10 aprile 1991, Livorno, ore 22.25. È buio pesto quando il traghetto della Navarma Moby Prince, appena salpato dalla Calata Carrara, sta per lasciare la rada del porto livornese in direzione Sardegna, Olbia.

Accade l’irreparabile: la nave si va a schiantare contro la petroliera Agip Abruzzo, del gruppo Eni, carica di petrolio iraniano. L’urto provoca un vastissimo incendio che viene alimentato dal petrolio fuoriuscito dalla petroliera. Muoiono praticamente tutti: 140 persone tra equipaggio e passeggeri, 26 sardi. Unico sopravvissuto un giovane mozzo napoletano, Alessio Bertrandt.

L’equipaggio della petroliera viene messo in salvo rapidamente, la Moby Prince viene letteralmente ignorata. I soccorsi non arrivano mai e gli occupanti vengono lasciati in balia delle fiamme e della morte. Dei 140 cadaveri solo uno verrà trovato in acqua, l’unico morto per annegamento.

Sono passati 33 anni. Senza risposta. Indagini, nuove piste e depistaggi, commissioni d’inchiesta. Nulla che abbia saputo dare una risposta certa ai familiari delle vittime della più grande tragedia della marineria italiana del secondo Dopoguerra.

Un corteo (Ansa)
Un corteo (Ansa)
Un corteo (Ansa)

I familiari delle vittime si sono costituiti in due associazioni. La prima, denominata "140", è presieduta da Loris Rispoli, che ha perso la sorella. Tale associazione raccoglie la maggioranza dei familiari. La seconda, quella più recente, denominata "10 aprile", presieduta da Angelo Chessa (scomparso a giugno 2022), figlio del comandante Ugo. Entrambe le associazioni continuano ad impegnarsi, coinvolgendo attivamente le istituzioni, allo scopo di scoprire la verità e ottenere chiarezza e giustizia.

Nel processo di primo grado a Livorno vengono assolti tutti gli imputati: un ufficiale di coperta della petroliera, il comandante in seconda della Capitaneria di Porto e l’ufficiale di guardia per non aver attivato i soccorsi tempestivamente e un marinaio per non aver trasmesso la richiesta di soccorso. Tutti assolti «perché il fatto non sussiste». In secondo grado interverrà anche la prescrizione. Un’altra inchiesta viene aperta nel 2006 e archiviata nel 2010.

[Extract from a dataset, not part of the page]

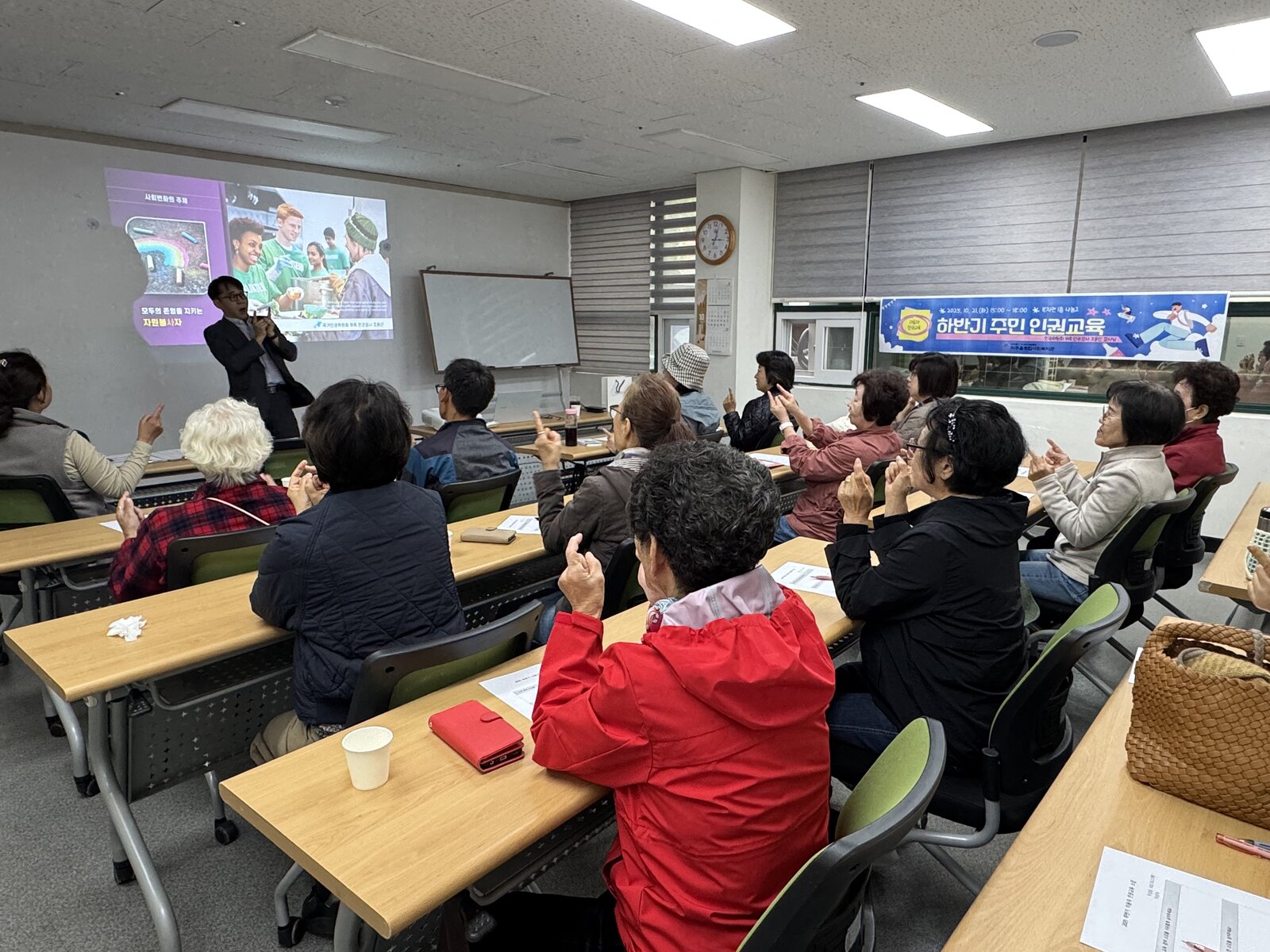 10월 21일, 복지관에서는 이용자분들을 대상으로 한 하반기 인권교육을 진행하였습니다. 인권교육은 기관에서 주민분들 누구나 들을 수 있도록 연 2회 상/반기로 진행하고 있습니다.

Poi ci pensa il Parlamento, con due commissioni d’inchiesta. Che appurano diversi elementi: l’indagine della magistratura fu carente e lacunosa; lacunosi e in netto ritardo arrivarono anche i soccorsi; quella sera non c’era, come si è pensato a lungo, nebbia; non ci fu avaria a bordo del traghetto ed è da escludere la distrazione del comando del traghetto; la Moby Prince ha alterato per cause non chiare la sua rotta di navigazione; la petroliera Eni si trovava dove non doveva essere e forse era coinvolta in attività di bunkeraggio clandestino («noi abbiamo chiesto i materiali delle inchieste interne ma non li abbiamo avuti»).

Alessio Bertrandt (Ansa)
Alessio Bertrandt (Ansa)
Alessio Bertrandt (Ansa)

Due anni fa Alessio Bertrandt, l’unico superstite, è stato intervistato dal Tg1.

«Ce la dovevano fare pure gli altri, non mi do pace per questo. Vivo tutti i giorni con l’ansia e con la depressione, prendo psicofarmaci», ha detto. Non riesce a dormire più di tre ore a notte, con il risarcimento ha comprato a Ercolano la casa in cui vive con moglie e due figli, che mantiene con la sua pensione di invalidità. Bertrand era un mozzo di 23 anni, imbarcato con lo zio, da allora non è mai più salito su una nave.

«Sentimmo il boato, uscimmo fuori, andavamo avanti e indietro senza sapere dove andare. Poi mi sono appeso a un corrimano, aspettando qualcuno. Poi mi sono buttato a mare, e mi hanno preso due ormeggiatori, che poi mi hanno portato sulla motovedetta della capitaneria di porto», è il suo racconto di quei drammatici momenti. Per lui alla verità «si può arrivare, se indagano e collaborano tutti quanti».